*PROBLEM DESCRIPTION*
The pictures get dropped, while every remaining part of the listing is copied exactly.

*SOURCE DATA*
☆ ☆ ☆
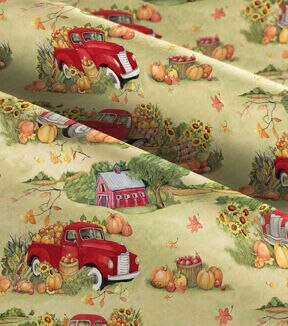 18" x 21" Pumpkin Pies On Teal Cotton Fabric Quarter 1pc
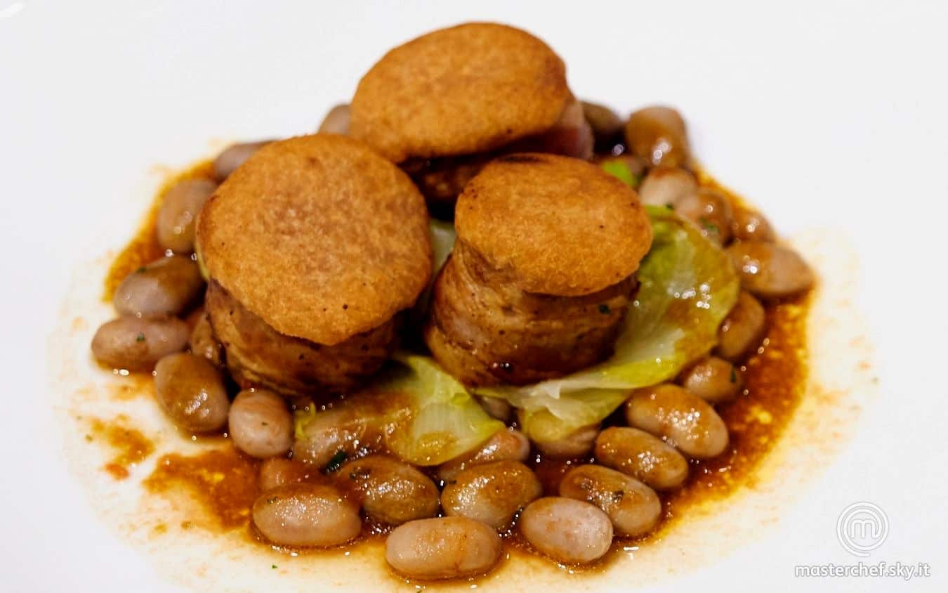 Filetto di maiale, crosta di mostarda di Cremona e borlotti
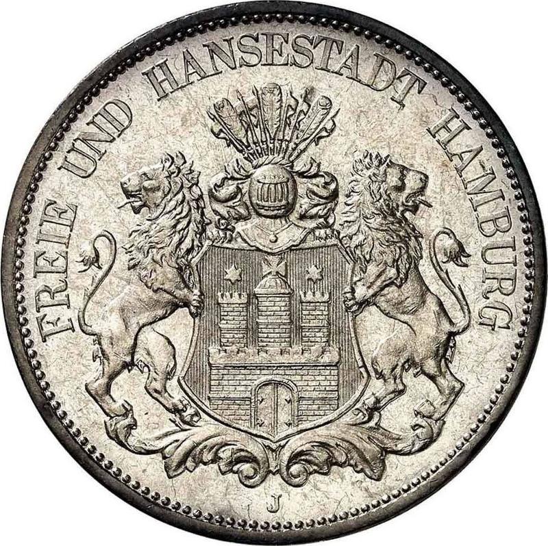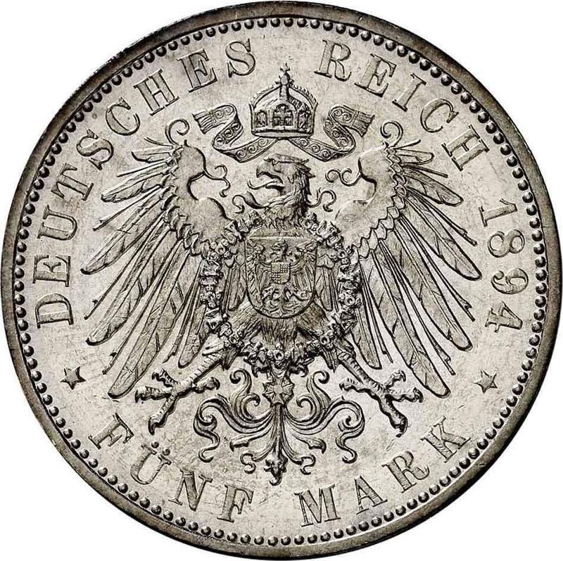Find out the current coin value of the German 5 Mark 1894 "Hamburg" with mark J. This silver coin from the times of German Empire struck at the Hamburg Mint. Wondering how much a coin like this is worth? The record price belongs to the lot 32517 sold at the Heritage Auctions auction for USD 6,000. Bidding took place May 8, 2024.
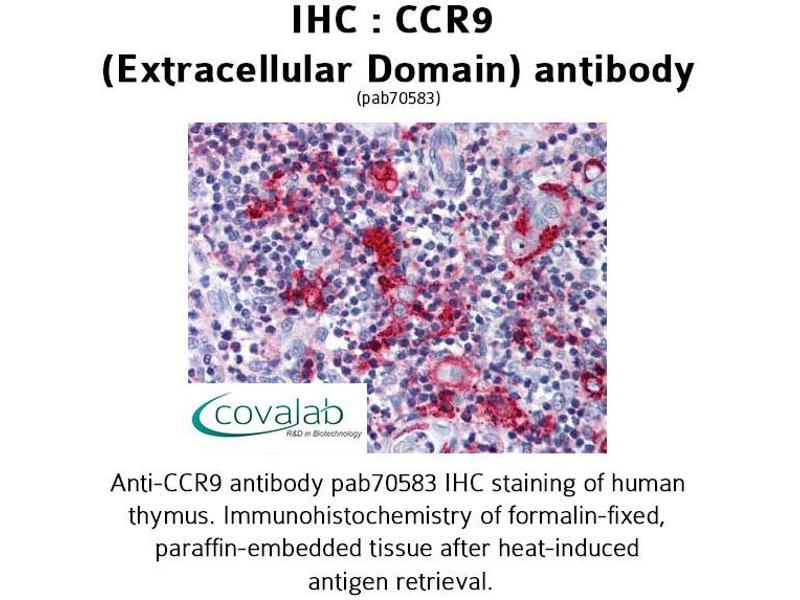 - Synthetic 19 amino acid peptide from 2nd extracellular domain of human CCR9. Percent identity with other species by BLAST analysis: Human (100%), Gorilla (100%), Gibbon (100%), Monkey (95%), Horse (89%), Pig (89%), Bovine (84%).
☆ ☆ ☆
*RESULT FOR THIS TASK*
 18" x 21" Pumpkin Pies On Teal Cotton Fabric Quarter 1pc
 Filetto di maiale, crosta di mostarda di Cremona e borlotti
Find out the current coin value of the German 5 Mark 1894 "Hamburg" with mark J. This silver coin from the times of German Empire struck at the Hamburg Mint. Wondering how much a coin like this is worth? The record price belongs to the lot 32517 sold at the Heritage Auctions auction for USD 6,000. Bidding took place May 8, 2024.
 - Synthetic 19 amino acid peptide from 2nd extracellular domain of human CCR9. Percent identity with other species by BLAST analysis: Human (100%), Gorilla (100%), Gibbon (100%), Monkey (95%), Horse (89%), Pig (89%), Bovine (84%).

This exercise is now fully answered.